Below are records with pictures. Reproduce exactly the lines from the line with "Keten kumaştan yapılmış, sarı" to the line with "为确保家庭经济困难的新生顺利", inclusive, and leave each picture out.

*The input*.
##############################

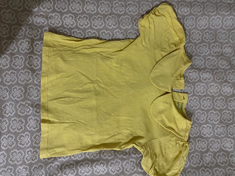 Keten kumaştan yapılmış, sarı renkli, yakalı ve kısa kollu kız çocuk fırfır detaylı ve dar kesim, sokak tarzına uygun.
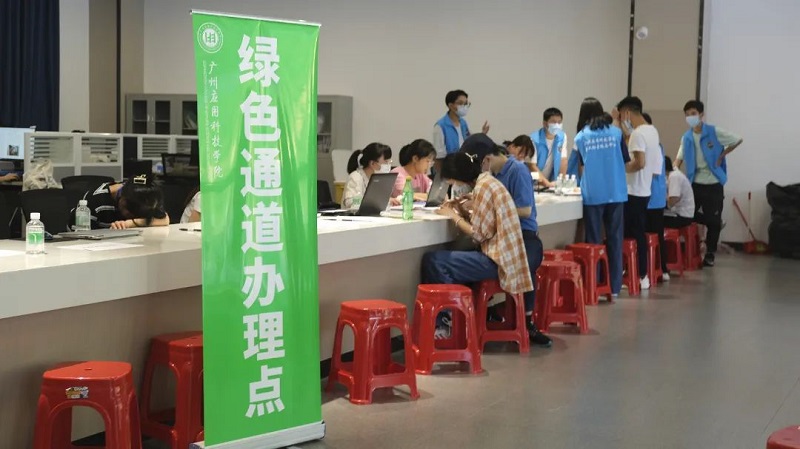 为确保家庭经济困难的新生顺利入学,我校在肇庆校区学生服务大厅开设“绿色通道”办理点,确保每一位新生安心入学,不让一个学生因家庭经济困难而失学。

##############################

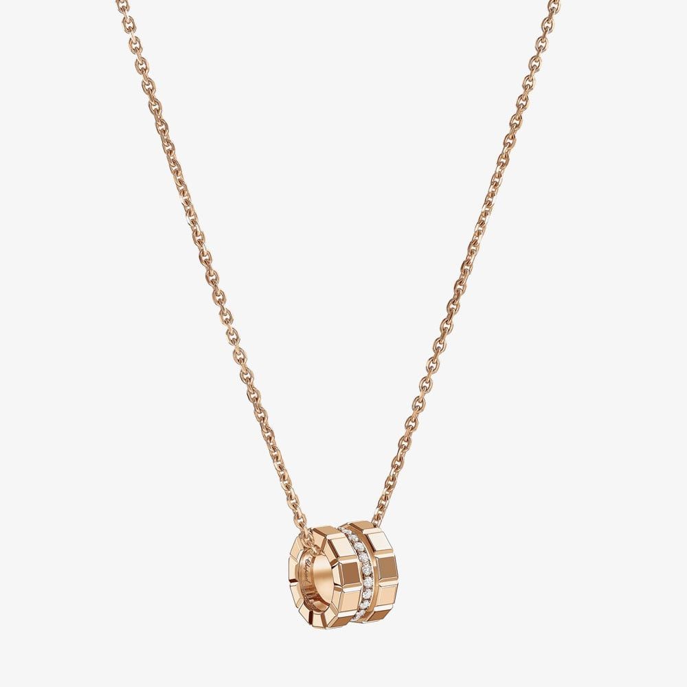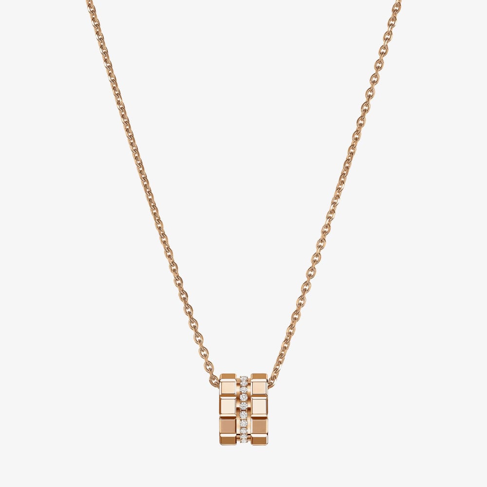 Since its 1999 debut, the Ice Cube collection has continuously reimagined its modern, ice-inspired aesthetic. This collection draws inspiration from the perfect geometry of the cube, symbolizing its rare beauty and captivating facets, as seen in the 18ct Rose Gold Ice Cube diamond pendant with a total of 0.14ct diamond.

##############################

*Answer to this task*.
 Keten kumaştan yapılmış, sarı renkli, yakalı ve kısa kollu kız çocuk fırfır detaylı ve dar kesim, sokak tarzına uygun.
 为确保家庭经济困难的新生顺利入学,我校在肇庆校区学生服务大厅开设“绿色通道”办理点,确保每一位新生安心入学,不让一个学生因家庭经济困难而失学。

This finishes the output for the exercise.